CONDIÇÕES MAIS DIGNAS DE TRABALHO
Os ônibus elétricos são mais confortáveis, silenciosos e frescos. Além de oferecer qualidade para os usuários do sistema, a eletrificação promove condições mais dignas para motoristas e funcionários.
JUSTIÇA SOCIAL
A melhoria da qualidade no serviço terá um impacto ainda maior para mulheres e pessoas de baixa renda, que são as principais usuárias do sistema.
Ao adotar a eletromobilidade agora, o Rio será referência nacional
- Em menos de três anos, quando o uso dessa tecnologia for obrigatória, a cidade estará preparada e capacitada, inclusive para fornecer apoio a outras cidades e destacar-se como referência em transporte limpo, equitativo e de qualidade.

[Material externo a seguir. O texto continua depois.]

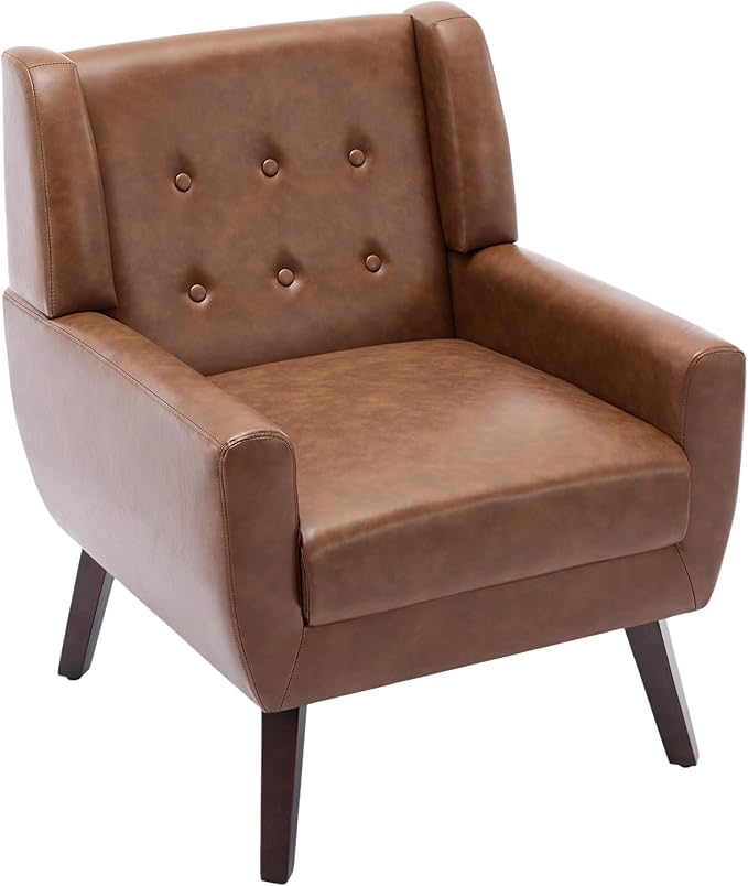 - PU Leather Accen Chair - Upholstered in a solid color, which combined with elegant line design avoids visual fatigue. The Leather Fabric and solid wooden legs are paired with both simplicity and freshness in mind. Whether in a bedroom, living room, playroom, or dorm, it not only brightens up a monotonous corner, but also slim & aesthetic appearance design can match the interior decoration system of your home
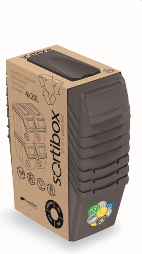 Et praktisk sæt med 4×20 liter SORTIBOX-sorteringsspande er ideelt til hjemmet og kontoret. Takket være den modulære konstruktion kan de nemt kombineres, stables og tilpasses rummet. Den elegante farve grå sten passer ind i et moderne interiør og gør overskuelig affaldssortering lettere.
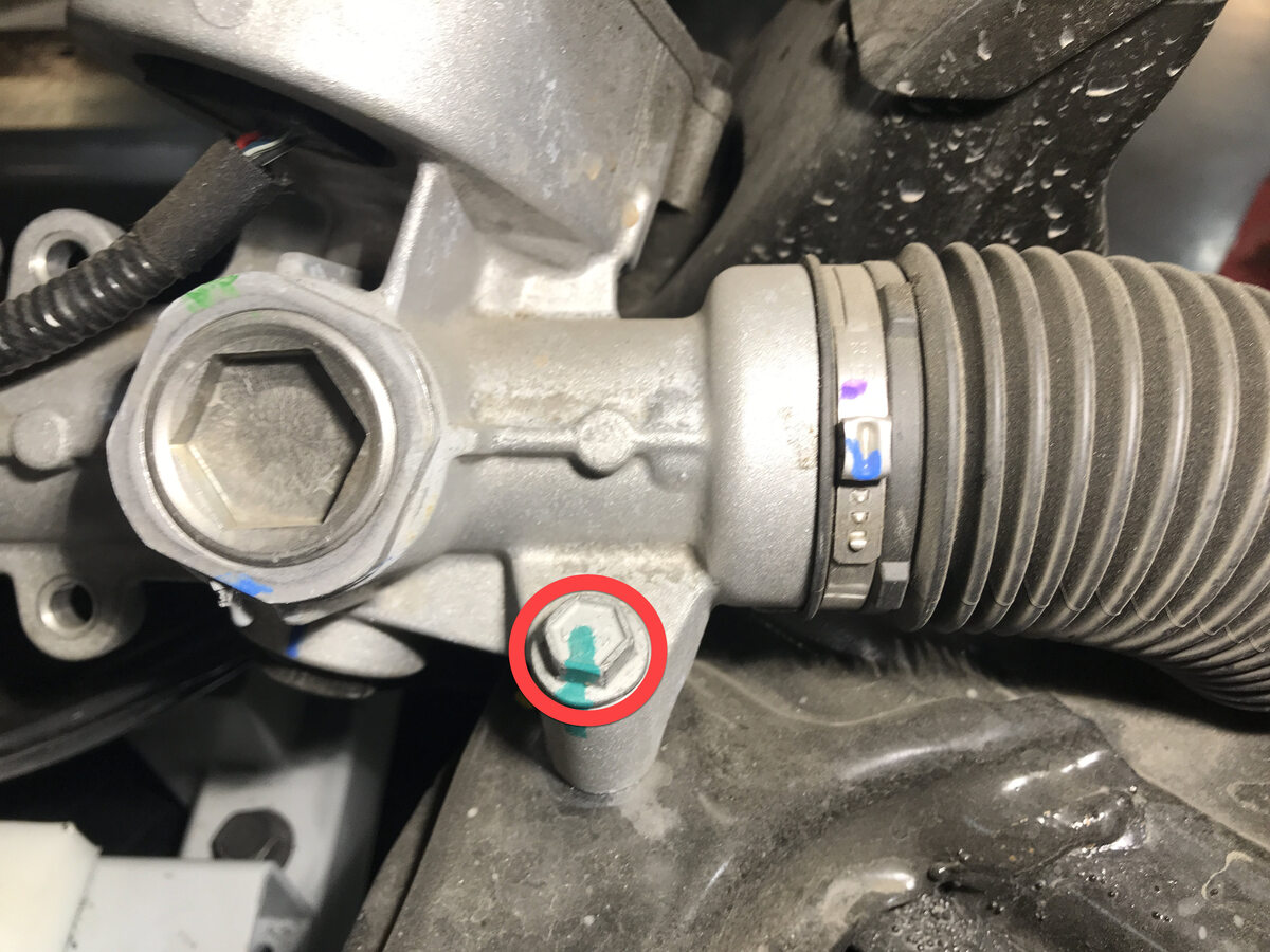 - Remove the inner bolts that attach the steering gear assembly to the front subframe.
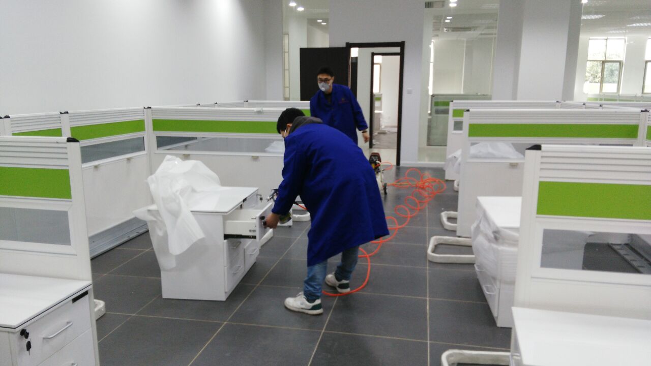 根據(jù)實地考察該單位裝修特點(diǎn),結(jié)合先前檢測的數(shù)據(jù)報告,我們?yōu)槠渥隽嗽敿?xì)的施工治理方案,并報其公司領(lǐng)導(dǎo)審核,經(jīng)刪選同意并認(rèn)可我公司的施工治理方案。經(jīng)過施工治理——復(fù)檢修補(bǔ)——驗收審核等工序,該工程于近日全部完工。下圖為工程施工現(xiàn)場:
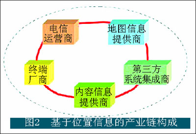 ,卻沒有一種業(yè)務(wù)被廣大人群使用。這是由于基于位置信息的業(yè)務(wù)需要取得大量的應(yīng)用層面相關(guān)的信息,進(jìn)而形成有特色的應(yīng)用;谖恢眯畔⒌臉I(yè)務(wù)和應(yīng)用涉及的角色比較多,所以為了有效地開展這類業(yè)務(wù),必須清晰地認(rèn)識(shí)其價(jià)值鏈的構(gòu)成,只有這樣,運(yùn)營(yíng)商才能有一個(gè)清晰的定位,內(nèi)容開發(fā)和提供商才能獲得事半功倍的結(jié)果,價(jià)值鏈才能健康地發(fā)展和成長(zhǎng)。從業(yè)務(wù)提供的角度,在基于位置信息的業(yè)務(wù)環(huán)境中其產(chǎn)業(yè)鏈的組成如圖2所示。
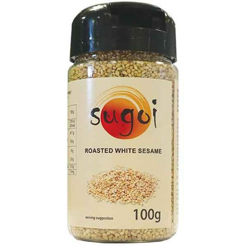 Deze strooier met geroosterde sesamzaadjes gebruik ik voor van alles! Heerlijk over noodlesoep bijvoorbeeld.
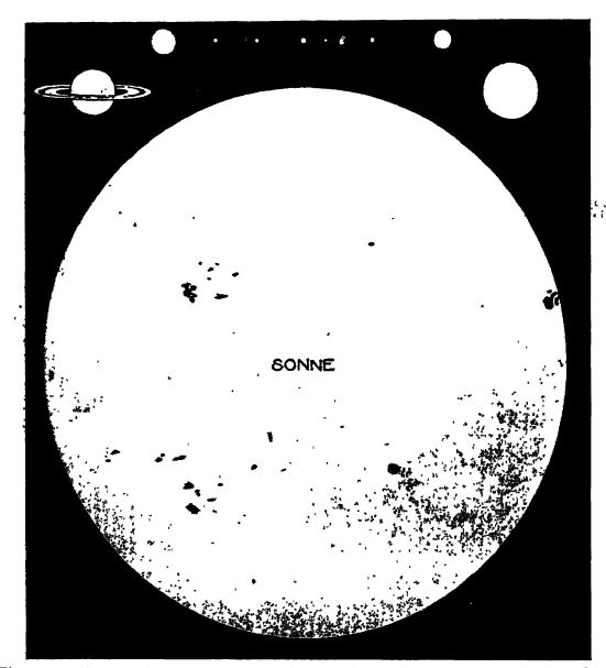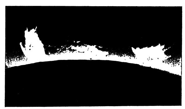 Hale décrit ainsi l’apparence du Soleil lors d’une éclipse totale : des flammes d’hydrogène, atteignant parfois des hauteurs de cinq cent mille kilomètres, s’élèvent d’une mer de flammes continue qui entoure complètement le Soleil (voir Fig., p. 113). Ce sont les protubérances, et la mer de flammes continue d’où elles émergent est la chromosphère. S’étendant bien au-delà de ces flammes dans l’espace, parfois à des millions de kilomètres, se trouve la couronne, qui brille d’un éclat argenté légèrement inférieur à celui de la pleine lune.
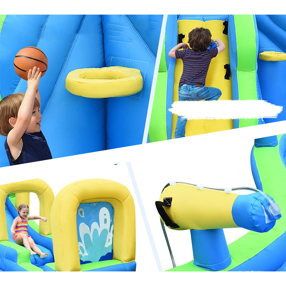 Ez a sokoldalú felfújható vízipark tökéletes választás, ha gyermeked számára izgalmas, aktív szabadtéri élményt keresel. A vízicsúszda, a tágas pancsoló, a mászófal és a két vízágyú órákon át tartó szórakozást nyújtanak. A beépített kosárpalánk és a színes, játékos kialakítás különösen vonzóvá teszi a kisebbek számára.
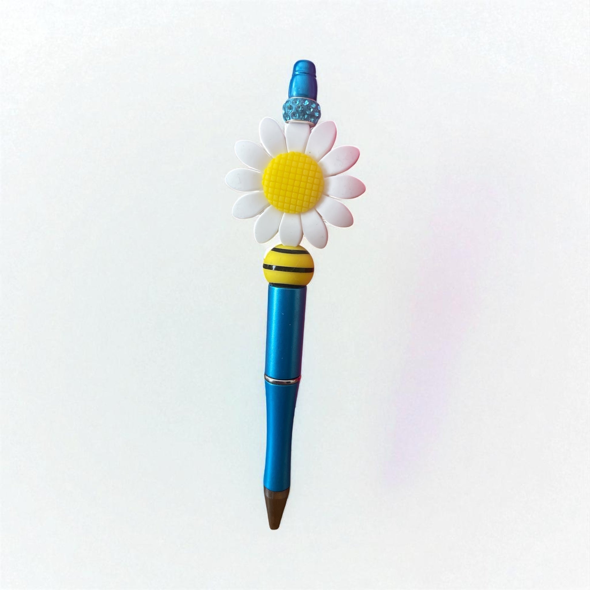Bring a little sunshine to your day with this cheerful blue base pen! It features smooth refillable black ink and is accented with a yellow-and-black striped silicone bead, a white sunflower bead with a sunny yellow core, and a sparkling blue rhinestone bead on top. Perfect for adding a pop of color and positivity to your notes, journaling, or everyday writing! 🌻🐝
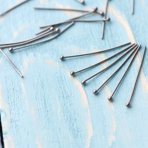 • 1. Берем тоненький пин, нанизываем на него бусину,
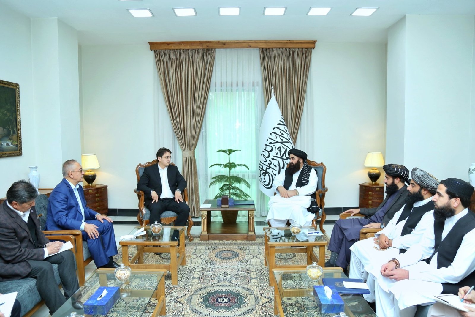 طالبان تشقی ایشلر وزیرلیگینینگ اعلام قیلیشیچه بو گروهنینگ تشقی ایشلر وزیری امیرخان متقی، اۉزبېکستان تشقی ایشلر وزیرلیگینینگ اۉرین باسری بابر عثمانوف و قیرغیزستان تشقی ایشلر وزیرلیگینینگ اۉرین باسری غیرت تورسینقلاف بیلن علیحده اوچرهشوولر اۉتکزگن.

- Descarbonizar o BRT agora trará experiência e conhecimento técnico para replicar para todas as frotas a partir de 2025.
- O pioneirismo de cidades no Chile e na China encorajaram municípios brasileiros a testar ônibus elétricos. Uma cidade brasileira pode influenciar ainda mais, além de compartilhar boas práticas.

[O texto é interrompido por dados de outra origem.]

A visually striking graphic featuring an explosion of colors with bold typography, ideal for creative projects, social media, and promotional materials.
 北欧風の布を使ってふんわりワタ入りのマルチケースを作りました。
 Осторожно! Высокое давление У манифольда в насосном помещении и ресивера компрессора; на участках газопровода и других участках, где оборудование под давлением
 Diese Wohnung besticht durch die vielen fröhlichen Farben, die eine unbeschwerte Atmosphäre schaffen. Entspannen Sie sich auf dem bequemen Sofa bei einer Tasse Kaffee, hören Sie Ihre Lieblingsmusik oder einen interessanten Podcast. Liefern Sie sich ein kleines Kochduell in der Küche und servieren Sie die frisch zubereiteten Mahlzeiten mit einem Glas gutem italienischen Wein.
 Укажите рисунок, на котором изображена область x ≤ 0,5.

- Adotar a eletromobilidade é uma tarefa urgente. A América Latina já tem feito grandes avanços para reduzir a poluição, como Santiago, no Chile, e Bogotá, na Colômbia.
- No Brasil, São Paulo, Campinas, Volta Redonda, Brasília e São José dos Campos já estão caminhando na direção da eletrificação. A segunda maior cidade do país não pode ficar de fora.
- Organizações da sociedade civil como o ITDP Brasil, Idec e Casa Fluminense estão cobrando a priorização da frota eletrificada e defendendo que a Prefeitura leve adiante a agenda de carbono zero.
O transporte coletivo é responsabilidade do poder público e somente o engajamento municipal permitirá a adoção de frotas elétricas. O mundo já despertou para a eletromobilidade e para realização de ações práticas que irão minimizar os efeitos da poluição.
Neste momento, a eletrificação é uma ótima oportunidade para requalificar o serviço oferecido pelo BRT, mas também para enfrentar os desafios climáticos e cumprir as metas associadas ao tema em breve, além de melhorar a qualidade de vida das pessoas e inspirar outras cidades brasileiras.